DATASET RECORDS below:

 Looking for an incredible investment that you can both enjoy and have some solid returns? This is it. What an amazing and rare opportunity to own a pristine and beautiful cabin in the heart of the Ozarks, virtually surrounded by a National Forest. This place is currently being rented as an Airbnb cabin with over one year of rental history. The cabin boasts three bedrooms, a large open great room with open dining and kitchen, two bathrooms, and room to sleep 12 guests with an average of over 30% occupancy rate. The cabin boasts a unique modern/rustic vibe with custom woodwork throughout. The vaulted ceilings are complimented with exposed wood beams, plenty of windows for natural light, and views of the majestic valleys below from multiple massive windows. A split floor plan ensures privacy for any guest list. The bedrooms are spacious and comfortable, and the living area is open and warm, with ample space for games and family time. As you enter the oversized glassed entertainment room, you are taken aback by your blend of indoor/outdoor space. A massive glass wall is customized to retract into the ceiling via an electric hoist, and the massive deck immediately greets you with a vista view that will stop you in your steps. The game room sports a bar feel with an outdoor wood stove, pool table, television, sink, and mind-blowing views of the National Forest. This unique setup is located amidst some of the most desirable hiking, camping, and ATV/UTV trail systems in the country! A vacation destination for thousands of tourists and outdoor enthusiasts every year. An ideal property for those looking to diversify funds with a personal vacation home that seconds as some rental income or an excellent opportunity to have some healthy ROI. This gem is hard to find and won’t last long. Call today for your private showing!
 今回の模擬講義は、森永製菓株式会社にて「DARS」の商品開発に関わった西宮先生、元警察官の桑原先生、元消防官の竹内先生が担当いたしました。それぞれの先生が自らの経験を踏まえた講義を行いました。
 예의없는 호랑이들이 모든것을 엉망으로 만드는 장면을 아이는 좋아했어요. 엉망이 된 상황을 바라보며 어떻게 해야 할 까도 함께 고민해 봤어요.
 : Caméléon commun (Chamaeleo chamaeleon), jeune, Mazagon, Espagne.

End of DATASET RECORDS.
DATASET RECORDS below:

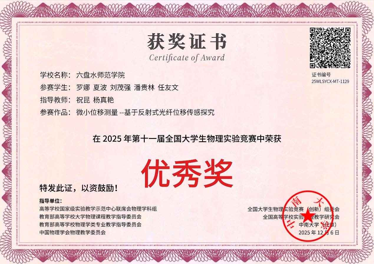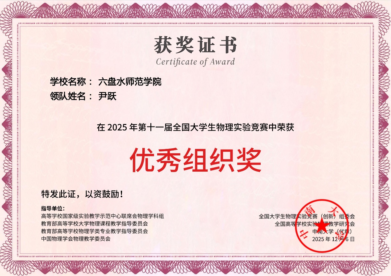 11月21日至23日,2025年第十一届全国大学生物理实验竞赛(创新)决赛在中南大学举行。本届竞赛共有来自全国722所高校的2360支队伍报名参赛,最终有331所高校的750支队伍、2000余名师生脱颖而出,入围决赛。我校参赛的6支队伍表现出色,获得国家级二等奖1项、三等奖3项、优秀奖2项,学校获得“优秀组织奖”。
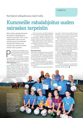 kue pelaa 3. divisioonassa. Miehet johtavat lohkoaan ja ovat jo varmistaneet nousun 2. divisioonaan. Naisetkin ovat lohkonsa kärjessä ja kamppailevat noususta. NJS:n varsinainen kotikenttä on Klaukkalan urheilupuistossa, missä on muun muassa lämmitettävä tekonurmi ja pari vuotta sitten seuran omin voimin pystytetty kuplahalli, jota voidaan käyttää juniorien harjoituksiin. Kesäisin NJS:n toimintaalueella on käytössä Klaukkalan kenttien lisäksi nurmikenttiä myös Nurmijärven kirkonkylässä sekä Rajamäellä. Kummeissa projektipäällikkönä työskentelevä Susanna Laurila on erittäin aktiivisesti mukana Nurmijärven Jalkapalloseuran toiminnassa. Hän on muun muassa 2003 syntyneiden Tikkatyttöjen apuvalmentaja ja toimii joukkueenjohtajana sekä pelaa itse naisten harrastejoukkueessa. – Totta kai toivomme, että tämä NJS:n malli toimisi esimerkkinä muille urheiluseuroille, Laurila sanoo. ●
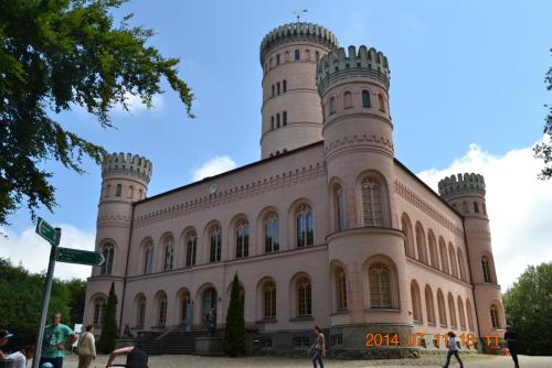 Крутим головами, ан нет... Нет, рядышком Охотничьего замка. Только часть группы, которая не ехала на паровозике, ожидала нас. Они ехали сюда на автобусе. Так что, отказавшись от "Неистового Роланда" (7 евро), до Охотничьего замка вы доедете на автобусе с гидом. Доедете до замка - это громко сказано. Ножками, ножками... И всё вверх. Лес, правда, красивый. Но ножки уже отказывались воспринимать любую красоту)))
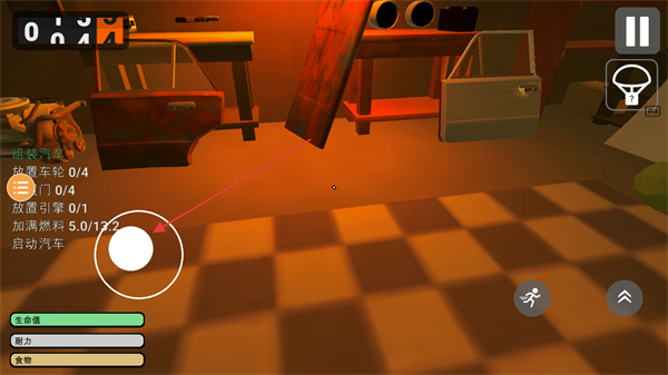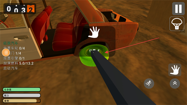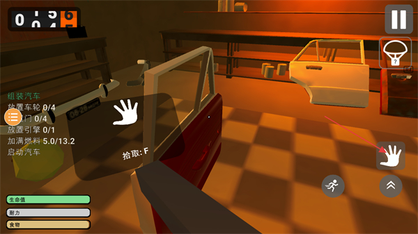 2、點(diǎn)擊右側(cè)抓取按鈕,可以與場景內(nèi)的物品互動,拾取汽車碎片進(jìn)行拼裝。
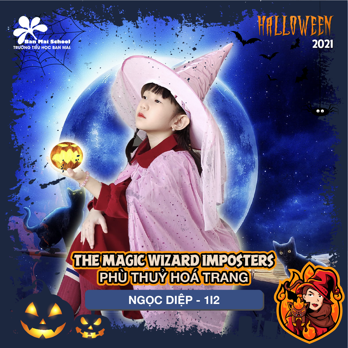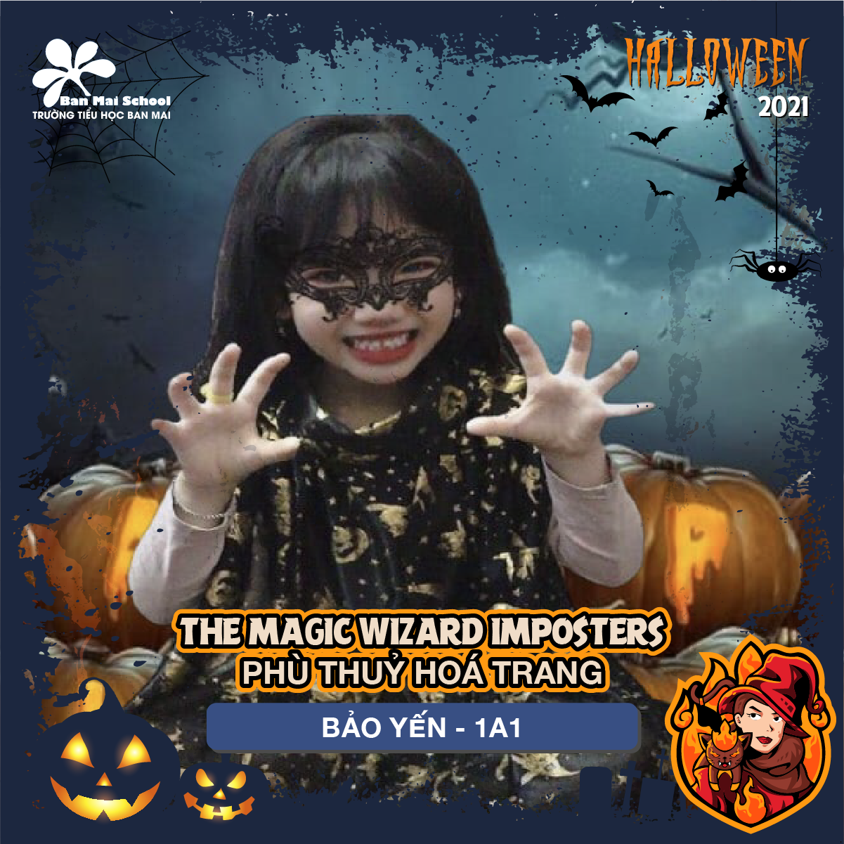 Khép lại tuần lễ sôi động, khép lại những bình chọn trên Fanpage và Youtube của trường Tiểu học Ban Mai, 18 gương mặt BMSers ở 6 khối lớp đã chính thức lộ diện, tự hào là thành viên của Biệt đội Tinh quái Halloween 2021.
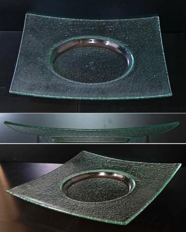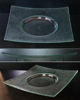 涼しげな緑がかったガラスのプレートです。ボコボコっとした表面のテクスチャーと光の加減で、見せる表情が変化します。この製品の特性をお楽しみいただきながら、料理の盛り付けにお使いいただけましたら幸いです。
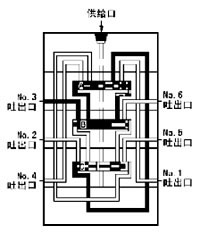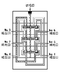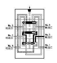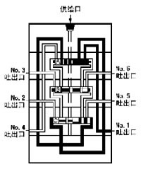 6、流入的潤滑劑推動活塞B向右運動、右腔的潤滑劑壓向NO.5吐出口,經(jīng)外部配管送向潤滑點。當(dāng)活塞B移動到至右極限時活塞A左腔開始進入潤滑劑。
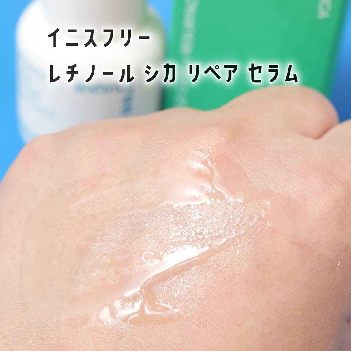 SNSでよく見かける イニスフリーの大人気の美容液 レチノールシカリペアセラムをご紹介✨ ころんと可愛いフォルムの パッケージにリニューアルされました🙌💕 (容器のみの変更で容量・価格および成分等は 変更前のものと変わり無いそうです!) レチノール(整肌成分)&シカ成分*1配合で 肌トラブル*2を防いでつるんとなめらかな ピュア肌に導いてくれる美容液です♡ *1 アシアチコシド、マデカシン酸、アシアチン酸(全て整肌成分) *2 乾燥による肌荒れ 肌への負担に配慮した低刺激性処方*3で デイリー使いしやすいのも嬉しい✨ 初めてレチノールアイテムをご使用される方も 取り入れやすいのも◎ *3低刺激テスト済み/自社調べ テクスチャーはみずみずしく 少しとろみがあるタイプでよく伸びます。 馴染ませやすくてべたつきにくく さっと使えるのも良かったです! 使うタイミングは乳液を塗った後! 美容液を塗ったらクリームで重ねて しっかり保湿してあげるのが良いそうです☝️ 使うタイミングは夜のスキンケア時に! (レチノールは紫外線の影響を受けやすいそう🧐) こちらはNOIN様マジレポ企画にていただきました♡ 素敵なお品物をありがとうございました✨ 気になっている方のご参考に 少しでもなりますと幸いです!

End of DATASET RECORDS.
DATASET RECORDS below:

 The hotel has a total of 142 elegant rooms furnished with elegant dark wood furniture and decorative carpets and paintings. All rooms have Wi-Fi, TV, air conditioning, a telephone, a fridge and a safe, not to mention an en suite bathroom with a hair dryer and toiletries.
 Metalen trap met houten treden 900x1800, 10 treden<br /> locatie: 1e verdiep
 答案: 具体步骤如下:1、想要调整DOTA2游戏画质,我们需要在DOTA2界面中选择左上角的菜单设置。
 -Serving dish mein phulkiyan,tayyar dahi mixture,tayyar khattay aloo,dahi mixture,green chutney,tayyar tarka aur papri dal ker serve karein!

End of DATASET RECORDS.

• **AIM OF THE EXERCISE**: In the listing above, find the line with "今回の模擬講義は、森永製菓株" and the line with "jeune, Mazagon, Espagne.", then print exactly those two lines and every line between them, and nothing more.

• **RESPONSE BOX**:
 今回の模擬講義は、森永製菓株式会社にて「DARS」の商品開発に関わった西宮先生、元警察官の桑原先生、元消防官の竹内先生が担当いたしました。それぞれの先生が自らの経験を踏まえた講義を行いました。
 예의없는 호랑이들이 모든것을 엉망으로 만드는 장면을 아이는 좋아했어요. 엉망이 된 상황을 바라보며 어떻게 해야 할 까도 함께 고민해 봤어요.
 : Caméléon commun (Chamaeleo chamaeleon), jeune, Mazagon, Espagne.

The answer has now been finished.